Direction: Fernanda Valadez
Country: Mexico
In Fernanda Valadez’s heartbreaking debut feature, Identifying Features, a 48-year-old woman called Magdalena (Mercedes Hernández) sets off to the border between Mexico and the US in a desperate attempt to track down her missing son, Jesús (Juan Jesús Varela). During the perilous route that takes her from Guanajuato to a forbidden rural zone called ‘La Fragua’, she comes across with another woman in the same situation and a deported young man, Miguel (David Illescas), who returns to his village to see his mother. Then she visits an elderly Indian Mexican, a survivor of a bus assault, who might know what happened to her son.

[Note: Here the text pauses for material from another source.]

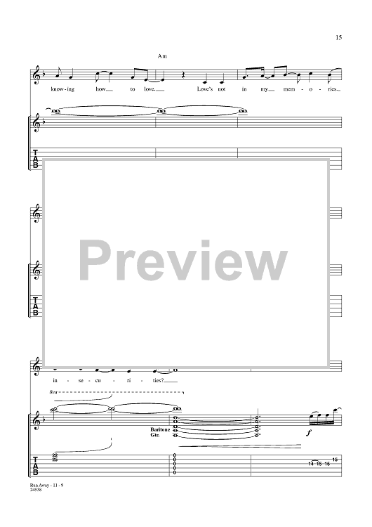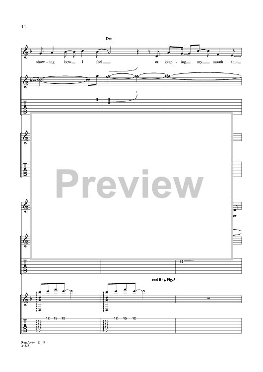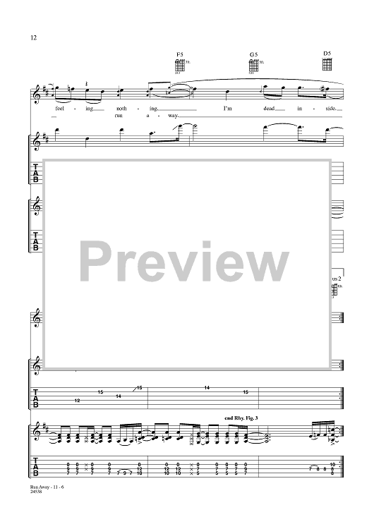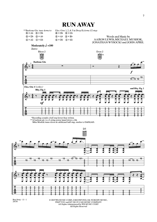 Digital Sheet Music for Run Away by Aaron Lewis, Michael Mushok, Jonathan Wysocki, John April, Staind scored for Guitar Tab/Vocal; id:359985

Sorely meditative and minimally composed, the film carries an enormous emotional weight in each frame. The spiky script, co-written by Valadez and Astrid Rondero (they also edited and produced), steadily cranks up its social and emotional charge, at the same time that, even without providing any answer, makes us inquire about Mexico’s unremitting violence. Hernández shines particularly convincing as the unsettling scenes capture the tormenting reality of Mexico’s several degrees of inhumanity.
Identifying Features is a harrowing tale of loss, anguish and disenchantment whose brutally cold conclusions left me stunned.